Robust Infrastructure
In addition to breadth of functionality, a strong cloud ERP platform must also be hosted on a robust infrastructure. This infrastructure must possess enterprise-class characteristics such as:
- Uptime Guarantees: SLAs that guarantee a high level of uptime. For instance, NetSuite offers a Service Level Commitment of 99.5%, has achieved 99.98% uptime performance over the last 12 months, and provides customers with 24/7 access to performance at http://status.netsuite.com.
- Redundancy: An ERP application contains a company’s most mission-critical data. Such data, when moved to the cloud, must have several layers of redundancy built into it. Multiple geographically separated data centers are important for data mirroring, disaster recovery and failover purposes.
- Scalability: Large corporations support thousands of customers, with data growing exponentially.

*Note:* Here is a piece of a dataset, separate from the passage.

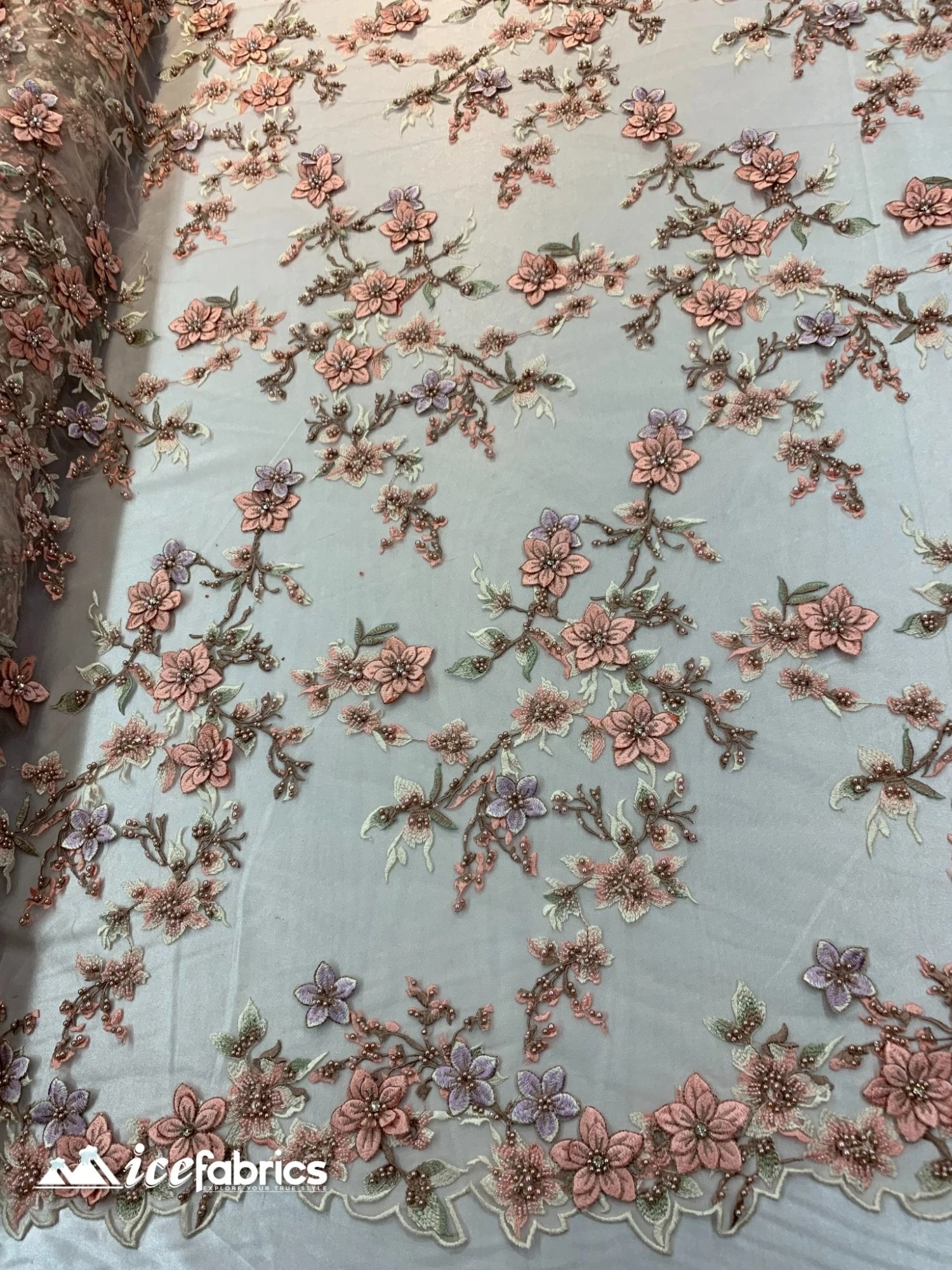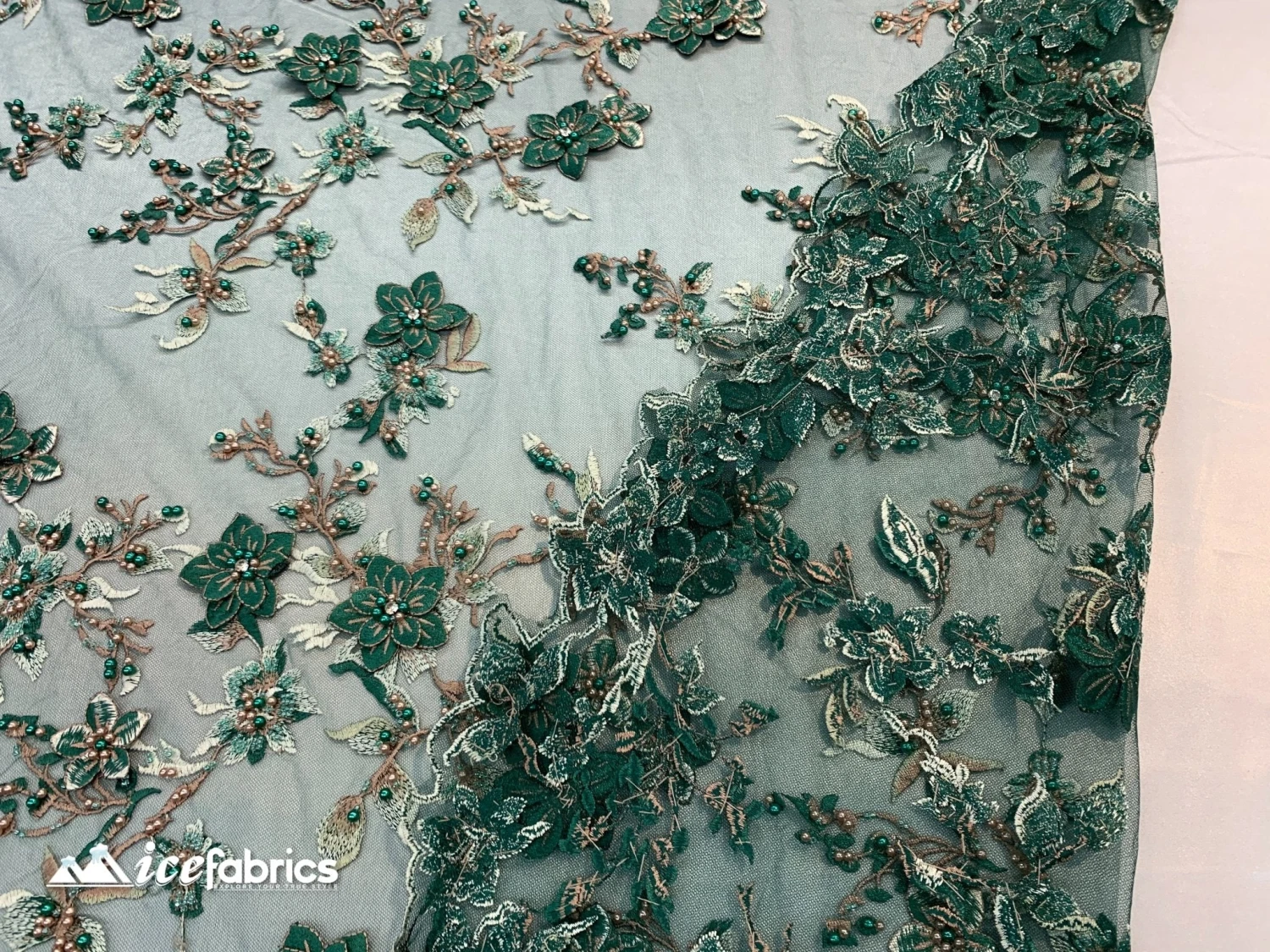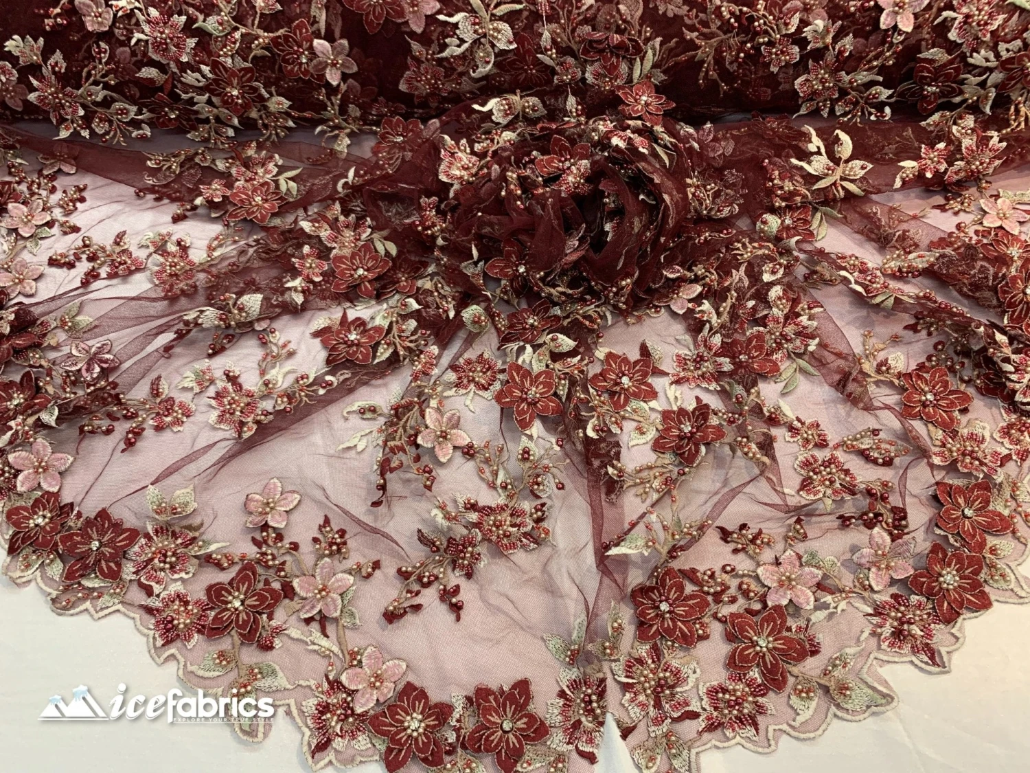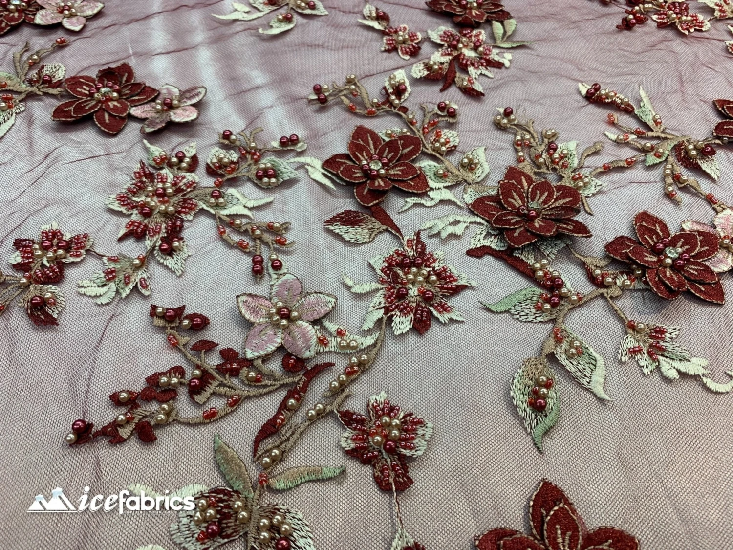 Luxury Beaded Fabric By The Yard_ 3D Flowers Lace Fabric On a Mesh (Red) Embroidered Floral Fabric/ Bridal Fabric

A cloud ERP platform must be able to scale accordingly to support spikes in usage. For instance, NetSuite supports over 10,000 organizations with billions of customer requests per month.
- Security Certifications: The security of customer data is paramount. Certifications such as PCI- DSS, SAS 70 Type II, and compliance with EU-US Safe Harbor regulations are important indicators of a cloud ERP vendor’s commitment to security. Ensuring you select a cloud application providing the above characteristics and components can help your enterprise gain agility and flexibility, streamline key business processes, gain better visibility across their global organization, create valuable new revenue streams, and cut ERP maintenance costs. Conclusion Conglomerates, multi-national companies and large corporations have been slowed down by legacy on-premise ERP systems that have been time and cost-prohibitive to update and customize to changing business needs. Past customizations made to these legacy applications using proprietary tools had a counterintuitive impact—they version-locked companies, prevented them from upgrading to the latest ERP release and limiting the ability for these businesses to adapt their ERP systems to their requirements in a timely fashion. Cloud ERP has led to a paradigm shift in the way enterprises are managing, upgrading and customizing their ERP systems—with companies turning to mature, standards-based cloud ERP platforms to help manage their multi-company, multinational organizations with greater agility and at lower costs.